Years ago, during my first visit through the museum, I’d challenged myself to trivia about the General’s life and enveloped myself into the time when one of the greatest men that ever walked the earth lived. It was an exciting time, a time of great change and utmost uncertainty. And, Washington withstood it all, from start to finish.
One of the most educational experiences for me that stood out during my first visit, was learning about George Washington’s death, and how out young country handled the aftermath of such a profound man’s existence. The sadness I felt, the loss millions felt back then, took its toll on me. By the time I got to the end of the exhibit, I was practically in tears.
This time around, however, during my second visit and probably my last one for a while, I took away two important experiences. The first being learning a little unknown fact while on the “National Treasure” tour. Bob, our tour guide, told us, at the end of the trip, with the mighty Potomac to our backs, that Washington insisted on being called “General Washington.” The once-president, having served his two terms, had recently retired, and told guests that visited his estate, that only the current president of the time was to labelled as so, and he was, in fact, just the General.
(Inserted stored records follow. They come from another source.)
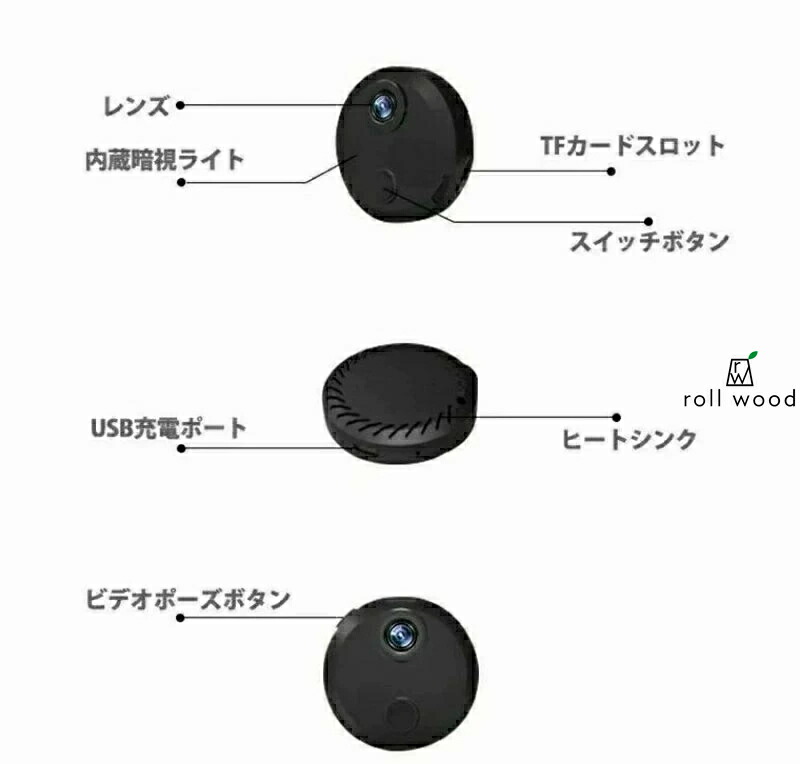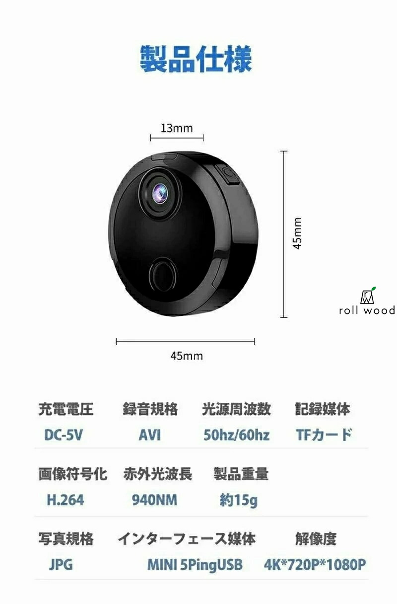 防犯カメラ 小型カメラ 隠し 1080p TFカード対応 遠隔監視 動体検知 暗視機能 赤外線撮影 動画再生アプリ保存 室内 屋外 USB充電 Android対応 持ち運び 携帯用 IOS
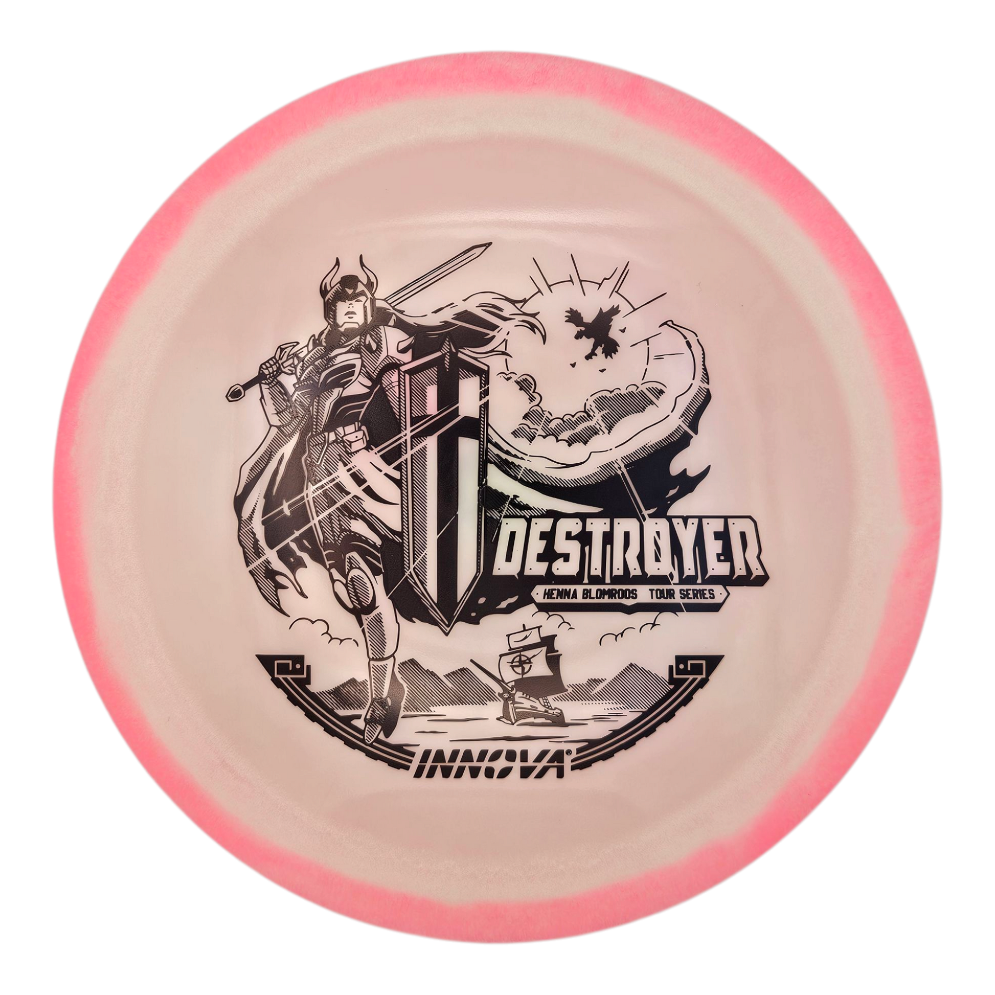 The Destroyer is a very fast stable long distance driver. Great disc for sidearm throwers and those with lots of power. Can handle headwinds and throws with off axis torque. Not suggested for beginning players.
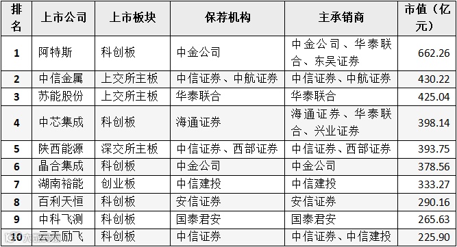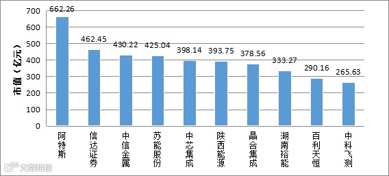 图:A股IPO市场已上市公司市值情况(前十名)
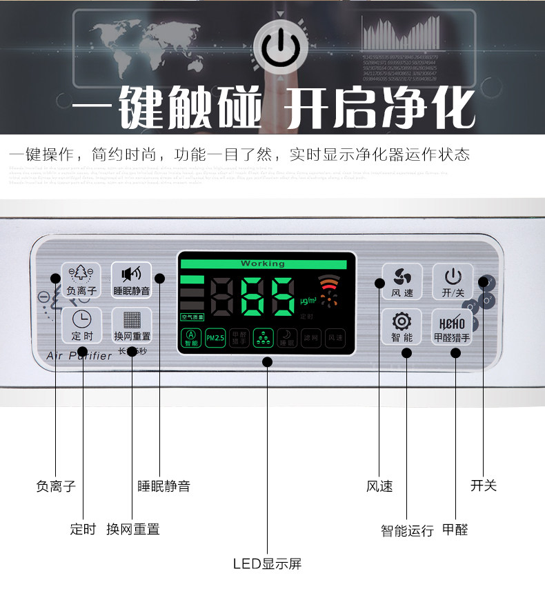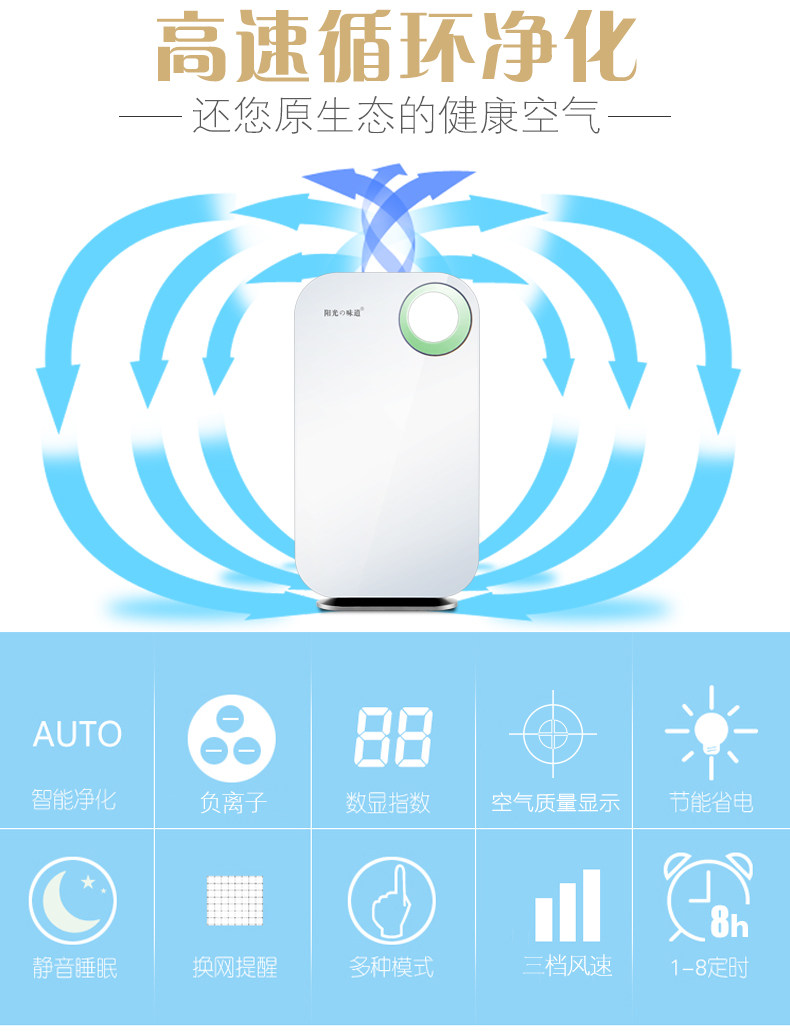 到了马上就拆开来用。外观简洁时尚,正常运行声音挺小的,而且睡觉再开静音模式也不影响睡眠。还特地点了根烟试试空气检测,这机子的效果果然不是开玩笑,在旁边抽烟过几秒检测灯显示红灯了,价格也挺合适,客服妹纸人也好,现在只要在屋里都开着的,推荐购买。
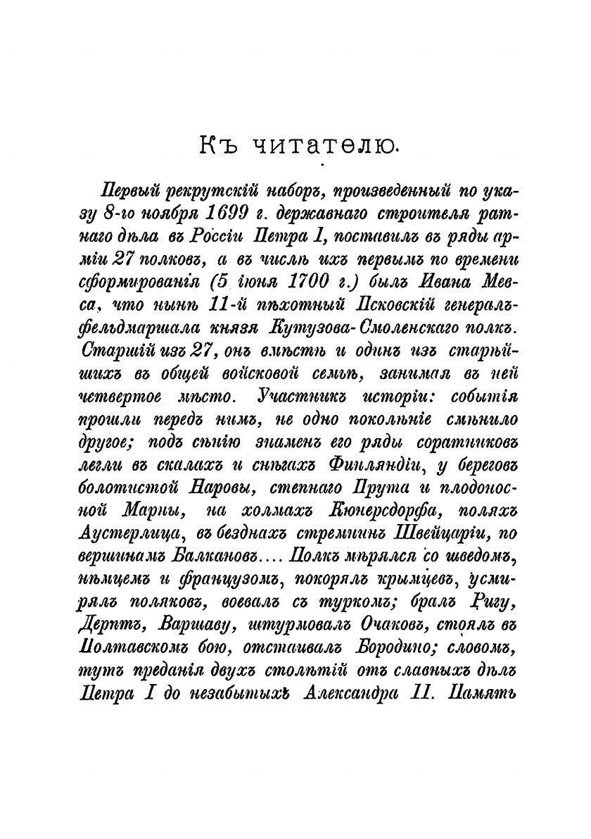 Документальное описание боевых действий полка и знаменательных исторических событий, связанных с ним, за период 1700 1881 годов. Приведены поименные списки полковых командиров и офицеров, награжденных орденами и знаками отличия, перемены в обмундировании и вооружении полка
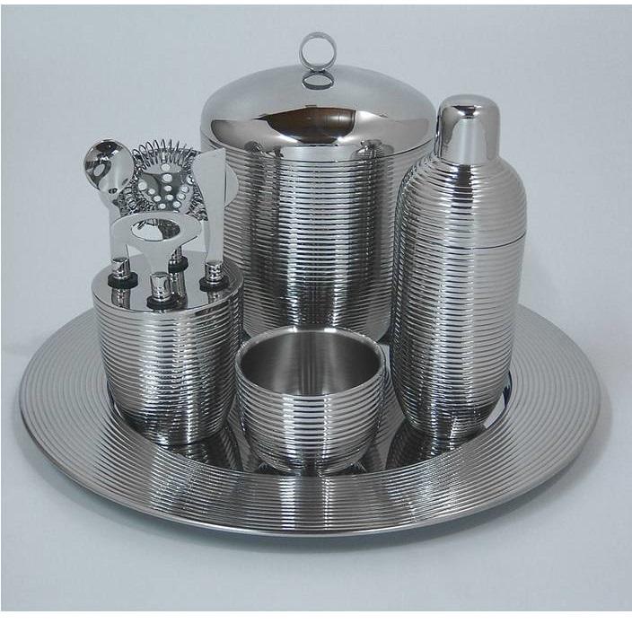 Juego de Bar de Acero Inoxidable Acanalado de Lujo, 7 Piezas, Kit Profesional para Bartender con Cubitera, Coctelera y Bandeja, Herramientas para Cocteles, Ideal para Regalo
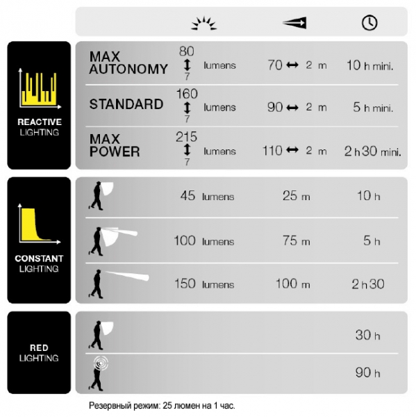 Технология REACTIVE LIGHTING определяет мощность фонаря в зависимости от освещения окружающей среды, благодаря специальному сенсору. Высокая мощность будет поддерживаться на всем протяжении использования фонаря. Система адаптивного освещения позволяет избавить руки от регулировок.
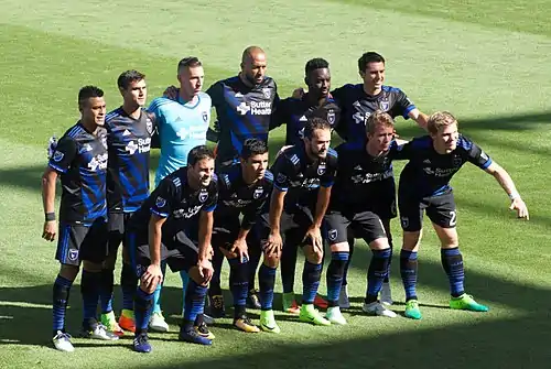 San Jose lining up to play the Colorado Rapids on July 29, 2017. From left to right, top row: Darwin Cerén, Chris Wondolowski, David Bingham, Víctor Bernárdez, Simon Dawkins, and Shea Salinas. Bottom row: Andrés Imperiale, Nick Lima, Marco Ureña, Jackson Yueill, and Florian Jungwirth.
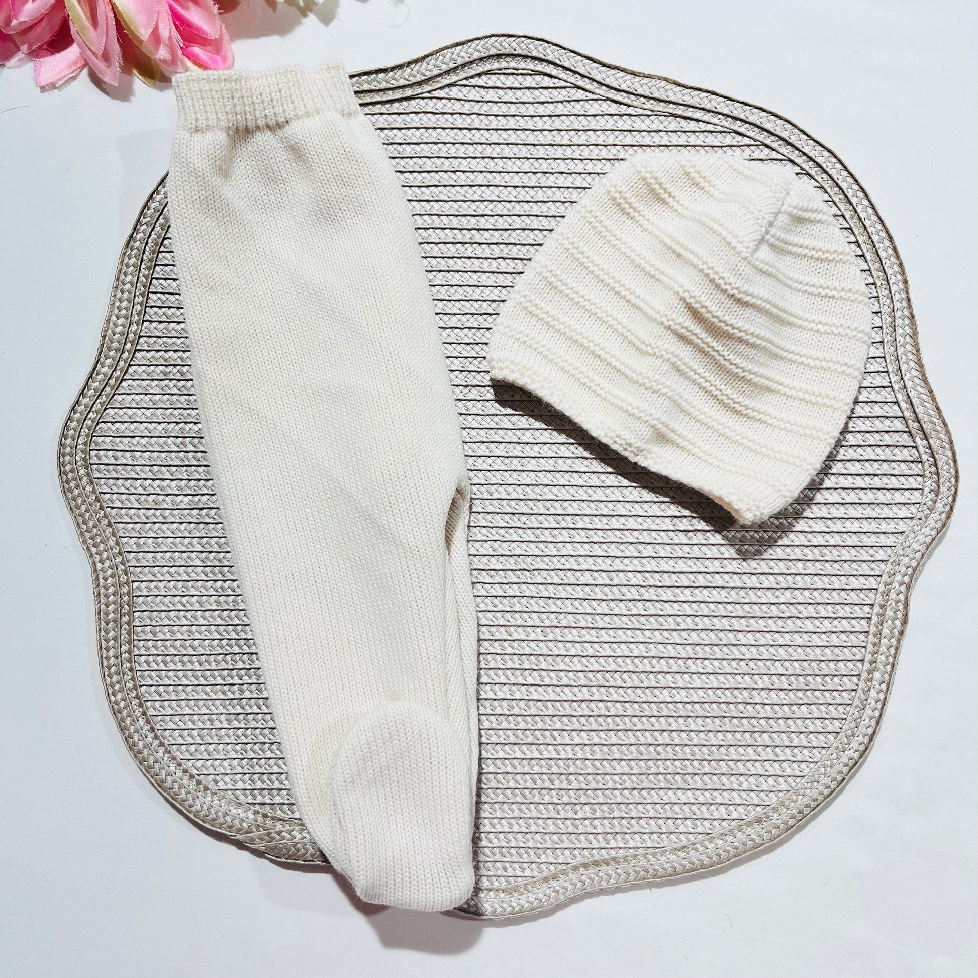 É composto por: Camisola com gola de tecido e botões de efeite em madeira abotoa atrás, calça e gorro
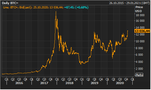 Bitcoin je letos opět středem zájmu investorů a spekulantů, i když zdaleka ještě nejde o takovou mánii jako v roce 2017, kdy jeho kurz během pouhých dvanácti měsíců strmě vylétl z jednoho tisíce dolarů až na 20 tisíc USD. Cena nejznámější a nejvyužívanější digitální měny v minulém týdnu překročila poprvé od července 2019 hranici 13 tisíc amerických dolarů. Od začátku roku je bitcoin v plusu o zhruba 80 procent. Od poloviny března pak dokonce o 165 procent. Na jaře i tuto kryptoměnu zasáhly výprodeje, podobně jako tomu bylo v případě akciových trhů.
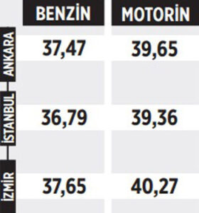Gelir İdaresi Başkanlığı yaptığı duyuruya göre; kurşunsuz 95 oktan benzinin ÖTV tutarı 7,52 TL’den 9,45 TL’ye, motorinde 7,05 olan ÖTV tutarı 8,86 TL’ye, LPG’de 5,77 olan tutar 7,25 TL’ye, doğalgazdaki tutar ise 0,0747 TL’den 0,0938 TL’ye yükseldi. Yeni ÖTV tutarlarının yansıtılmasıyla önceki gece benzine 2.31 TL, motorinde 2.17 TL, LPG’de ise 1 TL’lik fiyat artışı geldi. İstanbul’da benzinli 50 litrelik hacme sahip bir otomobilin deposu 1 bin 839 TL’ye, Ankara’da 1 bin 873 TL’ye, İzmir’de 1 bin 882 TL’ye dolabilecek. İstanbul’da motorin kullanılan bir otomobilin deposunu doldurmak için ise 1 bin 968 TL, Ankara’da 1 bin 982 TL’ye, İzmir’de ise 2 bin 13 TL’ye doldurulabilecek. ÖTV zammı mutfak tüpü fiyatlarına da yansıdı. Ankara’da, 12 kilogramlık tüpe 20-25 TL aralığında zam geldi. 12 kilogramlık mutfak tüpünün fiyatı 580 TL’ye yükseldi. 2 kilogramlık tüp ise 5-6 TL aralığında zamlanarak 135 TL’ye çıktı.
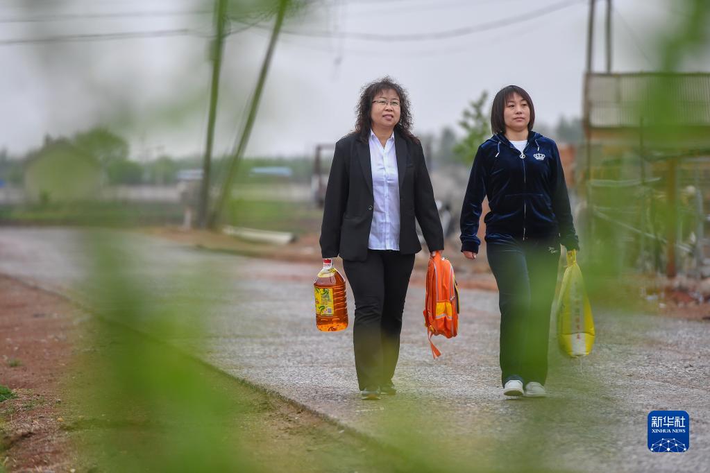 5月17日,在四平市鐵西區小泉眼村,四平市聾啞學校特教教師楊麗平(左)和同事袁麗君提著學習用品和慰問品走在“送教上門”的路上。
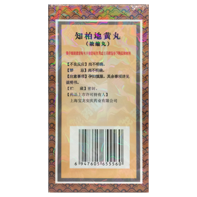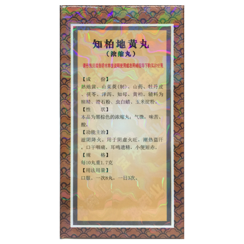 上龙 知柏地黄丸(浓缩丸) 480丸*1瓶/盒阴虚火旺小便短赤口干咽痛
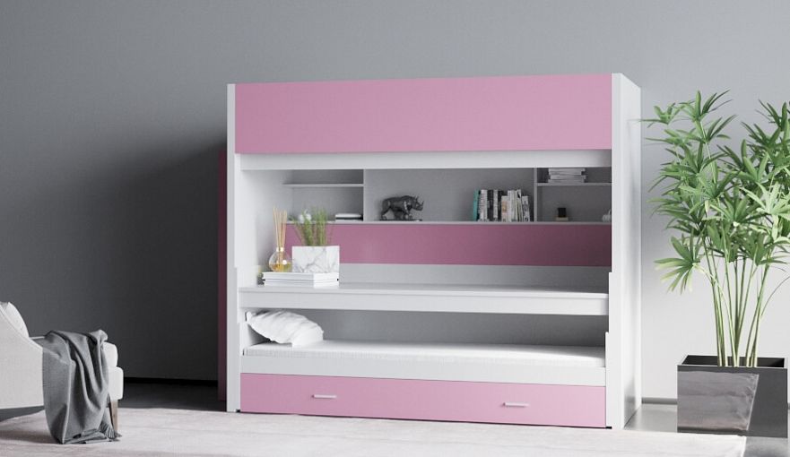 Трёхъярусная кровать Рона 2 BMS обеспечит экономию полезной площади и гармонично впишется в современный детский интерьер. Многофункциональная модель представляет собой кровать-чердак, в нише которой располагаются книжные полки и выкатные элементы – рабочий стол и два спальных места. Спальное место верхнего яруса дополнено защитным бортиком и лестницей. Несколько вариантов трансформации модели позволят максимально эффективно использовать пространство. Купить трёхъярусную кровать Рона 2 BMS вы сможете в нашем интернет-магазине.
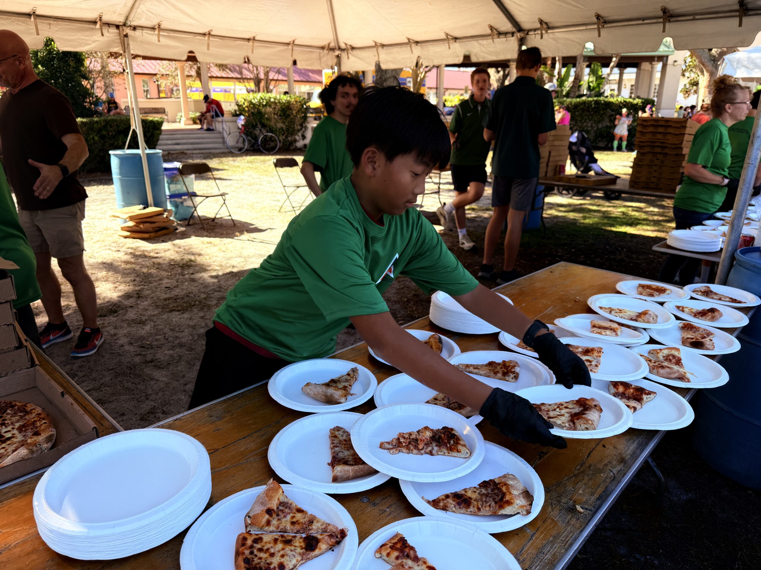 Our volunteers handed out pizza to the runners who finished and also pointed anybody to the correct direction if they needed help finding anything.
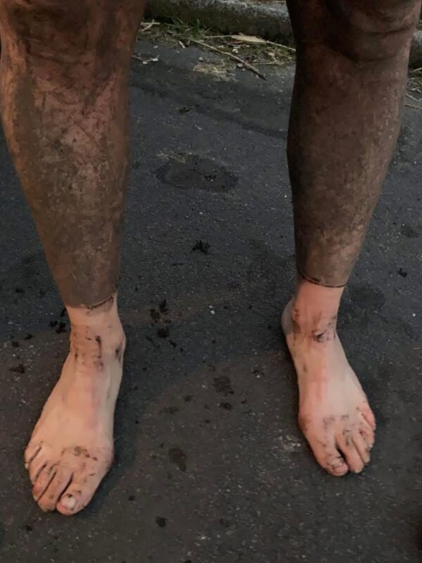 Once the summit has been reached, runners retrace their muddy steps back the way they they came across the bogs. I’d pulled away from Shutters early on but had no idea that he had me in his sights and was pulling me in! After a steep, fast run down a road, a final muddy run across the sports field & into the finish where Tom & Tony cheered us in.
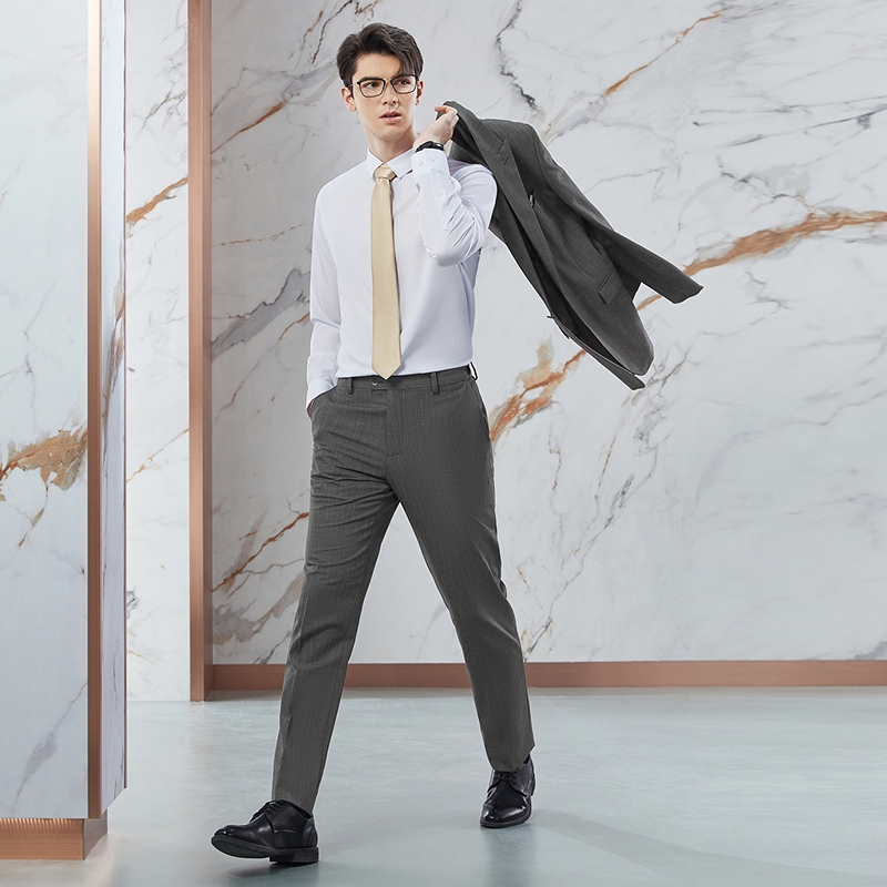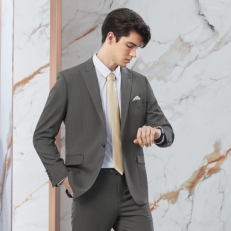 【条纹提花】柒牌西服套装男秋冬新款商务绅士戗驳领结婚礼服

I found that so humbling and my love for the once-southern gentleman grew leaps and bounds that day.
The second item that stuck with me is one of authenticity. After my group finished touring Mount Vernon, was spent some time at the Mount Vernon Inn, enjoying each other’s company and local libations. After sampling some popular cocktails and Budweiser’s Freedom Reserve (Red Lager) – the drink that was recently released under one of the closest recipes to that of George Washington’s back in the day – I was in the mood for something stronger, more authentic.
I turned to the bartender and said, “I’m in the mood for something colonial… you know, something strong… something the founding fathers would have had.” So, without hesitation, she turned back to me and said, “How about the Fish House Punch?” Legend has it, that after the war was won, Washington took to a local tavern with his men and toasted the 13 colonies… 13 times… with steins full of Fish House Punch. Now, Washington was an impeccable record keeper, but after his party, he didn’t keep any records for three days. There had been a mysterious jump in time when no words were written whatsoever. So, when I say that the punch was lethal, it was strong!
And now, without further adieu, here is the recipe for the drink that forced time to stop in its tracks…
Jamaican rum, 2 qts
Cognac brandy, 1 qt
Loaf sugar, 3/4 lb
Water, 2 qts; spring water is indicated
Lemon juice, 1 qt; lime would have been even more delicate
Peach brandy, 1 wine glass
Mix ingredients into a clear punch bowl and refrigerate for three hours. Serve cold with fine slices of citrus fruit.
Have you been to Mount Vernon? What was your most memorable experience there?